Identifying the Hazard Boundary of ML-enabled Autonomous Systems Using Cooperative Co-Evolutionary Search

In Machine Learning (ML)-enabled autonomous systems (MLASs), it is essential to identify the hazard boundary of ML Components (MLCs) in the MLAS under analysis. Given that such boundary captures the conditions in terms of MLC behavior and system context that can lead to hazards, it can then be used to, for example, build a safety monitor that can take any predefined fallback mechanisms at runtime when reaching the hazard boundary. However, determining such hazard boundary for an ML component is challenging. This is due to the space combining system contexts (i.e., scenarios) and MLC behaviors (i.e., inputs and outputs) being far too large for exhaustive exploration and even to handle using conventional metaheuristics, such as genetic algorithms.
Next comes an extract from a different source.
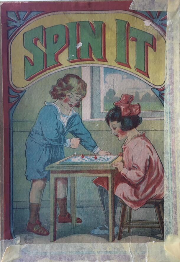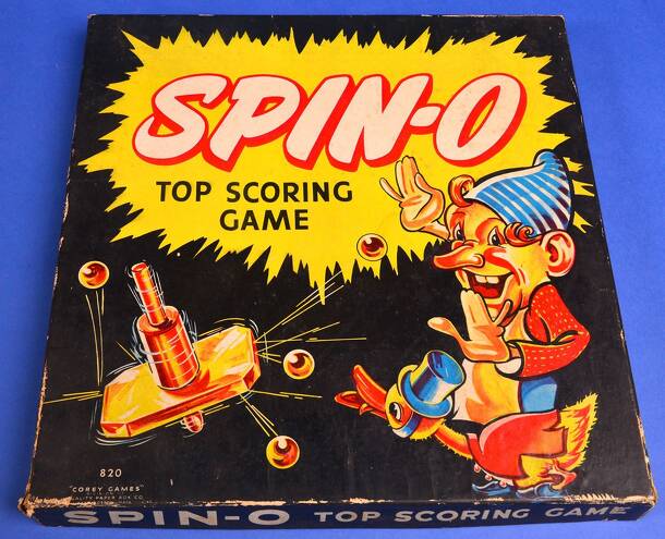 This two-player game from Milton Bradley comes with two acorn-shaped wooden tops and a target sheet of cardboard inset in the box bottom. The sheet has 18 holes with values ranging from 5 to 100. Players take turns spinning their tops and recording the value each time it stops. First player to 500 points wins. The earliest version of this game has a box...

Additionally, the high computational cost of simulations required to determine any MLAS safety violations makes the problem even more challenging. Furthermore, it is unrealistic to consider a region in the problem space deterministically safe or unsafe due to the uncontrollable parameters in simulations and the non-linear behaviors of ML models (e.g., deep neural networks) in the MLAS under analysis. To address the challenges, we propose MLCSHE (ML Component Safety Hazard Envelope), a novel method based on a Cooperative Co-Evolutionary Algorithm (CCEA), which aims to tackle a high-dimensional problem by decomposing it into two lower-dimensional search subproblems. Moreover, we take a probabilistic view of safe and unsafe regions and define a novel fitness function to measure the distance from the probabilistic hazard boundary and thus drive the search effectively. We evaluate the effectiveness and efficiency of MLCSHE on a complex Autonomous Vehicle (AV) case study. Our evaluation results show that MLCSHE is significantly more effective and efficient compared to a standard genetic algorithm and random search.

翻译：在基于机器学习（ML）的自主系统（MLAS）中，识别分析对象中ML组件（MLC）的危险边界至关重要。由于该边界能够表征导致危险的MLC行为与系统上下文条件，因此可用于构建安全监控器，以便在系统接近危险边界时于运行时触发预定义的容错机制。然而，确定ML组件的危险边界面临多重挑战：系统上下文（即场景）与MLC行为（即输入/输出）构成的联合空间规模过大，不仅无法穷举探索，甚至难以通过遗传算法等常规元启发式方法处理；此外，为判定MLAS安全违规所需的高计算成本仿真进一步加剧了问题难度。更关键的是，由于仿真中不可控参数的存在以及ML模型中深度神经网络等非线性行为，将问题空间中的区域简单划分为确定性安全区或危险区并不现实。针对上述挑战，我们提出MLCSHE（ML组件安全危险包络）方法——一种基于协同进化算法（CCEA）的新型方法，通过将高维问题分解为两个低维搜索子问题来降低求解难度。同时，我们引入概率视角定义安全区域与危险区域，并设计新型适应度函数度量与概率危险边界的距离，从而有效引导搜索过程。我们在复杂自动驾驶车辆（AV）案例中评估了MLCSHE的有效性与效率，结果表明，相较于标准遗传算法与随机搜索，MLCSHE在效能与效率上均具有显著优势。